** Opening GIVEN MATERIAL block **
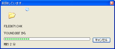 前回と異なる点がこれ。普通にファイルを削除できてしまう。どうやら書き込めない部分が少し存在するだけで、他はまだ無事なようだ。いや、先程のエクスプローラーの中身を見て、無事と呼ぶのはおかしいのだが……。
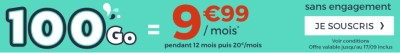 Jusqu'au 17 septembre incluse, Cdiscount Mobile propose un forfait mobile pas cher avec une grosse enveloppe Web. Son offre affichée à 9.99€ par mois pendant 12 mois puis 20€ par mois comprend en effet 100Go de données mobiles jusqu'en 4G. Pour la partie téléphonie, cet abonnement portable inclut les appels, SMS et MMS illimités en France. Pour vos voyages en Europe et DOM, ce forfait vous accompagne avec 5Go de données en 3G+, ainsi que les appels, SMS et MMS illimités. La carte SIM est facturée 10€ à la commande.
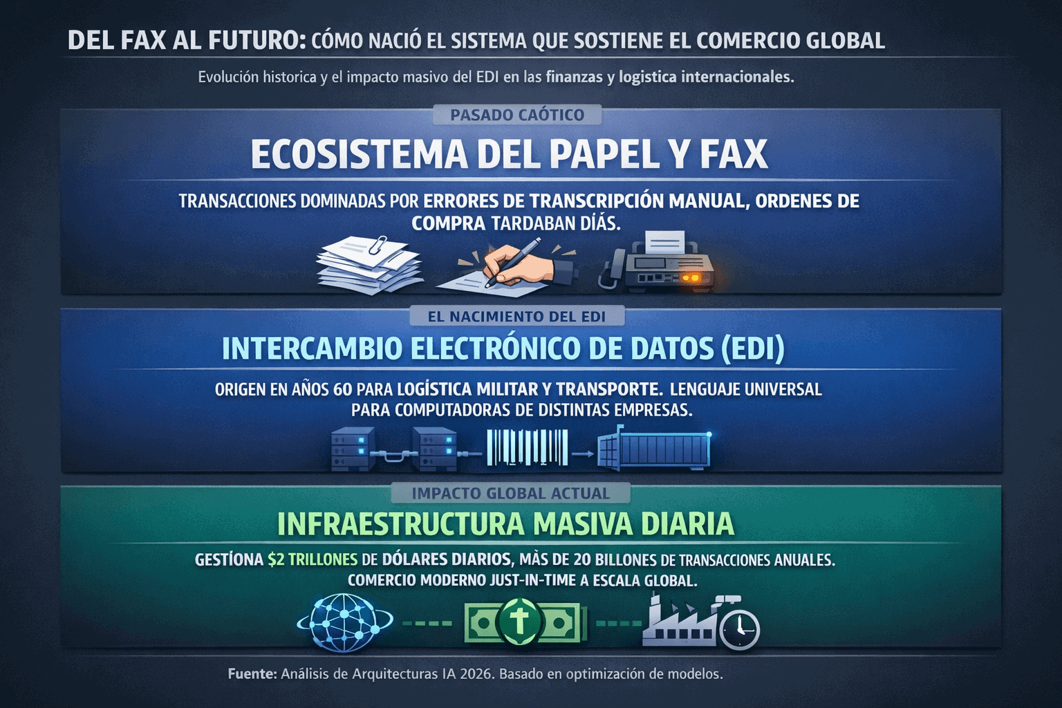 El Intercambio Electrónico de Datos (EDI) ha demostrado ser mucho más que una tecnología de comunicación; es el lenguaje fundamental que permite la existencia del comercio global hiperconectado.
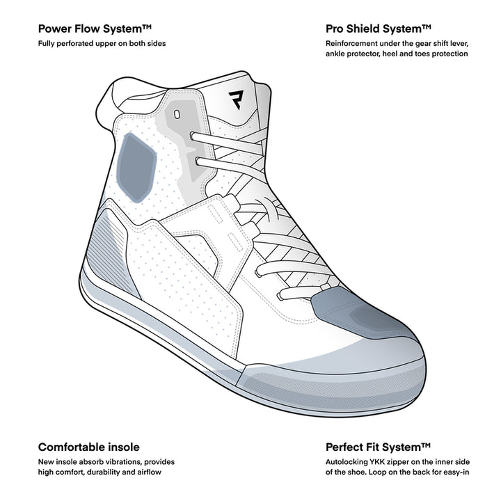 Rebelhorn Vandal II sind die perfekten Motorradschuhe für diejenigen, die einen stilvollen, komfortablen und sicheren Schuh für das tägliche Fahren der Stadt suchen. Mit seinem modernen Design und seiner funktionalen Konstruktion kombinieren diese Turnschuhe sowohl Mode als auch Sicherheit - perfekt für den städtischen Motorradfahrer.
** Closing GIVEN MATERIAL block **
*EXERCISE*
Leaving every picture aside, repeat the listing exactly.

*ANSWER FOR THE TASK*
 前回と異なる点がこれ。普通にファイルを削除できてしまう。どうやら書き込めない部分が少し存在するだけで、他はまだ無事なようだ。いや、先程のエクスプローラーの中身を見て、無事と呼ぶのはおかしいのだが……。
 Jusqu'au 17 septembre incluse, Cdiscount Mobile propose un forfait mobile pas cher avec une grosse enveloppe Web. Son offre affichée à 9.99€ par mois pendant 12 mois puis 20€ par mois comprend en effet 100Go de données mobiles jusqu'en 4G. Pour la partie téléphonie, cet abonnement portable inclut les appels, SMS et MMS illimités en France. Pour vos voyages en Europe et DOM, ce forfait vous accompagne avec 5Go de données en 3G+, ainsi que les appels, SMS et MMS illimités. La carte SIM est facturée 10€ à la commande.
 El Intercambio Electrónico de Datos (EDI) ha demostrado ser mucho más que una tecnología de comunicación; es el lenguaje fundamental que permite la existencia del comercio global hiperconectado.
 Rebelhorn Vandal II sind die perfekten Motorradschuhe für diejenigen, die einen stilvollen, komfortablen und sicheren Schuh für das tägliche Fahren der Stadt suchen. Mit seinem modernen Design und seiner funktionalen Konstruktion kombinieren diese Turnschuhe sowohl Mode als auch Sicherheit - perfekt für den städtischen Motorradfahrer.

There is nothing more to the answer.